Beginning with the line that contains "Pas de surprises" and ending with the line that contains "If you want", reproduce the lines of the entries below exactly, omitting pictures.

========================

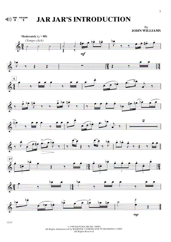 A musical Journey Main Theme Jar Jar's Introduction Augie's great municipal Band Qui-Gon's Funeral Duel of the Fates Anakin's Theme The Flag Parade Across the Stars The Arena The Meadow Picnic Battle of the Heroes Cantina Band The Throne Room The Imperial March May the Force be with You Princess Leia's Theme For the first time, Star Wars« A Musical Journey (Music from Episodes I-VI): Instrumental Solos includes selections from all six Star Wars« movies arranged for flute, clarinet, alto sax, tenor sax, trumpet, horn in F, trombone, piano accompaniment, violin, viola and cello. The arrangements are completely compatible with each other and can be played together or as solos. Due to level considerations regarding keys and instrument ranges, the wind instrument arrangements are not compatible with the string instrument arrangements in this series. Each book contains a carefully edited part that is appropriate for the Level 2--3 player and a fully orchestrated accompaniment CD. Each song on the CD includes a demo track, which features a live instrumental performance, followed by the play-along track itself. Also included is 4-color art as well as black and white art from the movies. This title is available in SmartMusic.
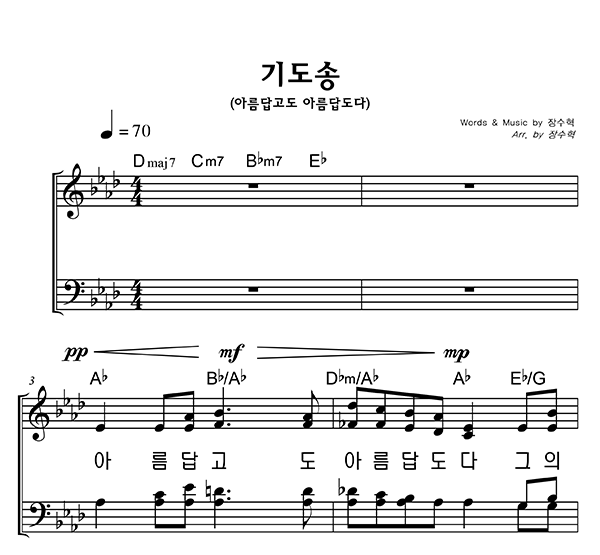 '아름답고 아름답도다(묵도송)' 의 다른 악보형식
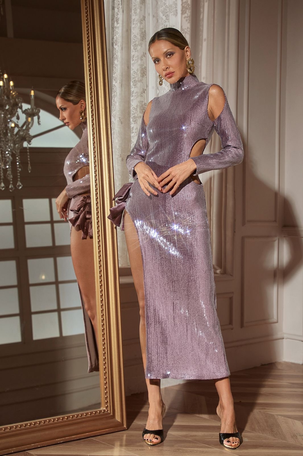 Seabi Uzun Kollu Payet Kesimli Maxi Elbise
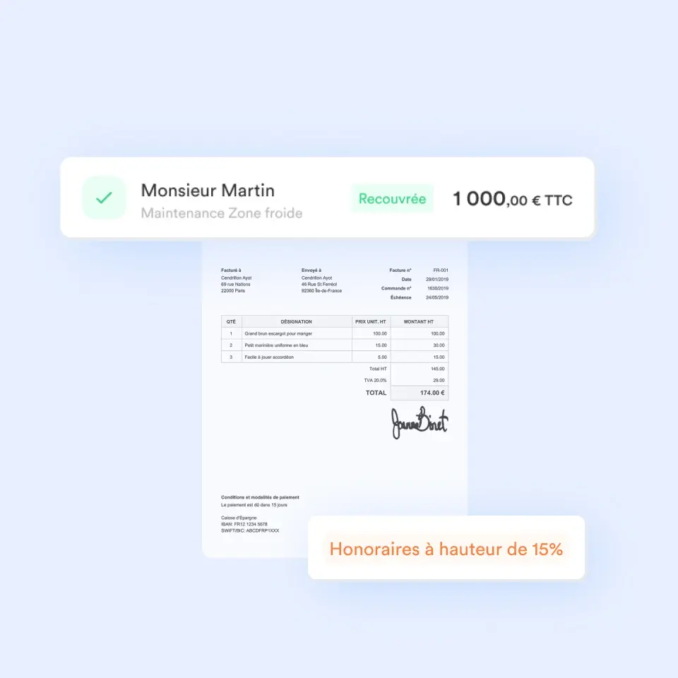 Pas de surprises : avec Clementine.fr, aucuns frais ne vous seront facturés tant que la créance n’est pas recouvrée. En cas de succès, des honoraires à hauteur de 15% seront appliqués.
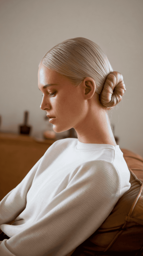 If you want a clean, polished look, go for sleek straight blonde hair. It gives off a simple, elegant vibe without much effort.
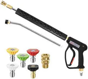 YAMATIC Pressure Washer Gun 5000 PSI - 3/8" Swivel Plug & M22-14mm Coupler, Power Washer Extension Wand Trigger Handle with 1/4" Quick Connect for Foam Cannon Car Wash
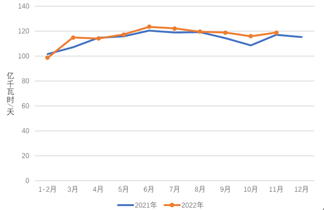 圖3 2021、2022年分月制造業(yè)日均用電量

========================

Written solution:
 Pas de surprises : avec Clementine.fr, aucuns frais ne vous seront facturés tant que la créance n’est pas recouvrée. En cas de succès, des honoraires à hauteur de 15% seront appliqués.
 If you want a clean, polished look, go for sleek straight blonde hair. It gives off a simple, elegant vibe without much effort.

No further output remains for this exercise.